Shown below is a listing with pictures; reproduce exactly, and only, the lines between the ones containing "またマスタークラス受講生によ" and "Якщо ваш календар", inclusive, leaving the pictures out.
++++ INPUT RECORDS
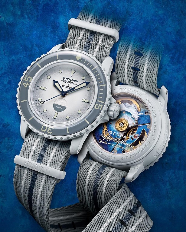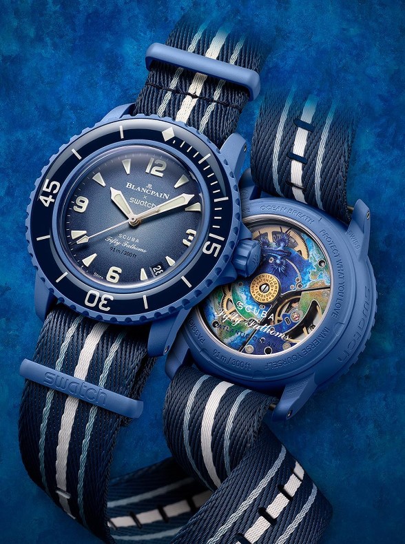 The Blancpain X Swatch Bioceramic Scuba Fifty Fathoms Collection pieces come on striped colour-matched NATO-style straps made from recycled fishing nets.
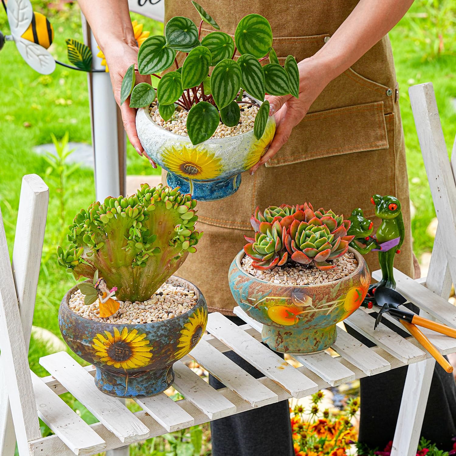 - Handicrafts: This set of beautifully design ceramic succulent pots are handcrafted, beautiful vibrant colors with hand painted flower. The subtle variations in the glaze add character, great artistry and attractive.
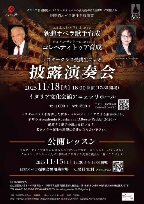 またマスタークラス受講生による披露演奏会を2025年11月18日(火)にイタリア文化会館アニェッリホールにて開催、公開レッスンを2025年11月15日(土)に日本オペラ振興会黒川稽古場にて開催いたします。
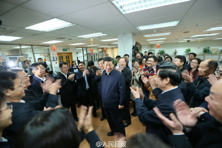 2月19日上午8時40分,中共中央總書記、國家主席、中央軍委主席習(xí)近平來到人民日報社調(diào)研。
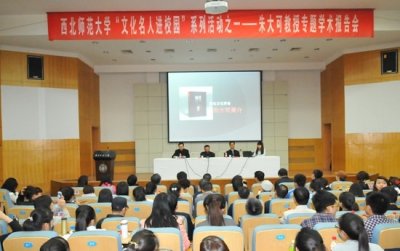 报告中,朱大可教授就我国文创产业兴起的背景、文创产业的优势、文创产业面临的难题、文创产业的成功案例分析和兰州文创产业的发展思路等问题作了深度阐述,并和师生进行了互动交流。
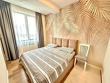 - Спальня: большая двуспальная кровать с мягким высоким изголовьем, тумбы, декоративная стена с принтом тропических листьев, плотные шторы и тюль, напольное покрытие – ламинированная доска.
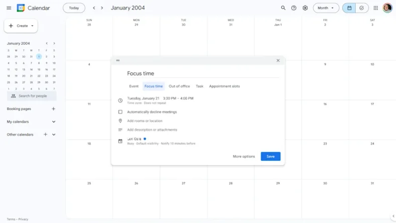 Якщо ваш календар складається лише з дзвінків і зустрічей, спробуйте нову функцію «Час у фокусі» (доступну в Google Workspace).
++++++++
++++ INPUT RECORDS
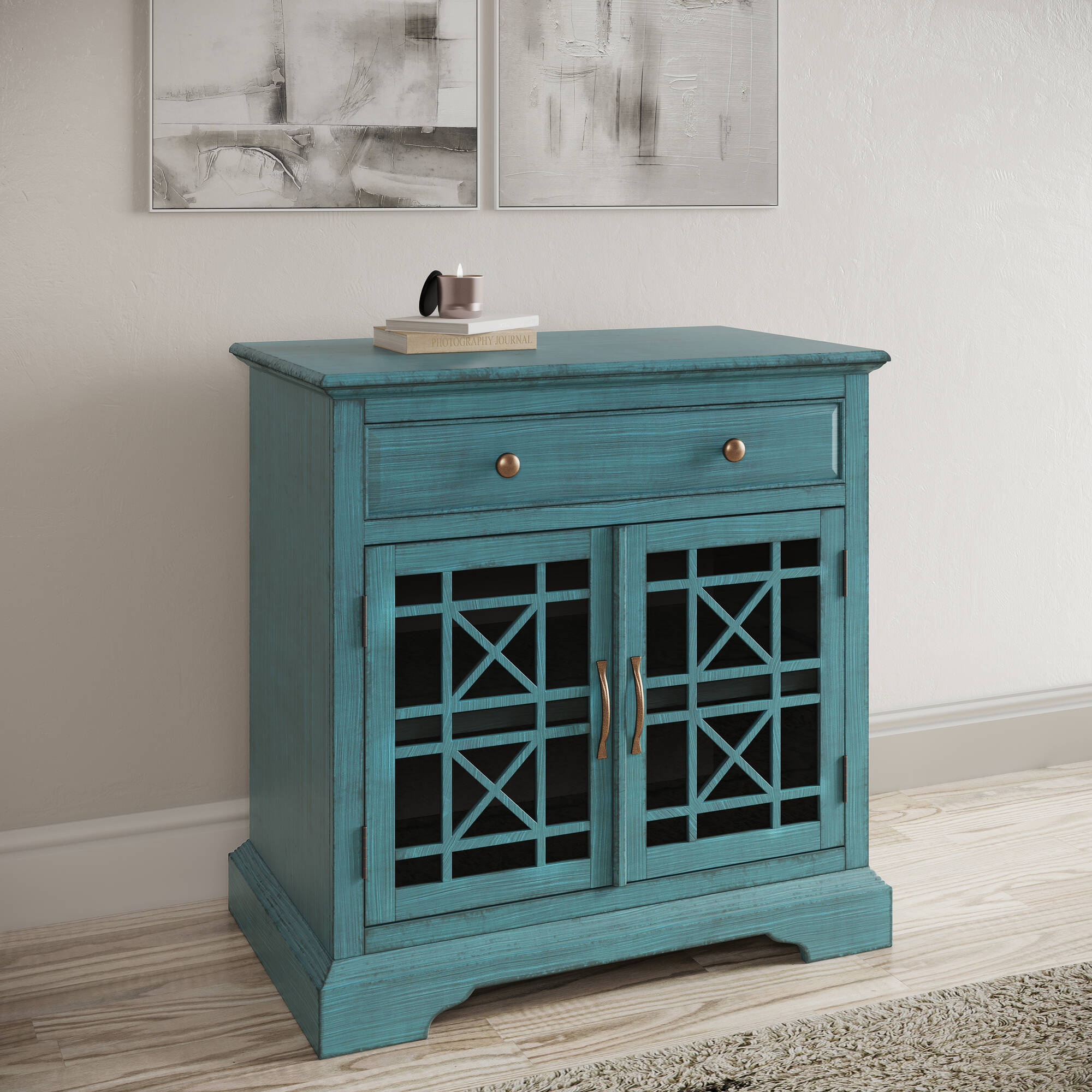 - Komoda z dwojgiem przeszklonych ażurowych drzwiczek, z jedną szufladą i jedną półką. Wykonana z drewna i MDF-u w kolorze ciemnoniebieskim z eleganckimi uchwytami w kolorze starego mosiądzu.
++++++++
• _RESPONSE BOX_
 またマスタークラス受講生による披露演奏会を2025年11月18日(火)にイタリア文化会館アニェッリホールにて開催、公開レッスンを2025年11月15日(土)に日本オペラ振興会黒川稽古場にて開催いたします。
 2月19日上午8時40分,中共中央總書記、國家主席、中央軍委主席習(xí)近平來到人民日報社調(diào)研。
 报告中,朱大可教授就我国文创产业兴起的背景、文创产业的优势、文创产业面临的难题、文创产业的成功案例分析和兰州文创产业的发展思路等问题作了深度阐述,并和师生进行了互动交流。
 - Спальня: большая двуспальная кровать с мягким высоким изголовьем, тумбы, декоративная стена с принтом тропических листьев, плотные шторы и тюль, напольное покрытие – ламинированная доска.
 Якщо ваш календар складається лише з дзвінків і зустрічей, спробуйте нову функцію «Час у фокусі» (доступну в Google Workspace).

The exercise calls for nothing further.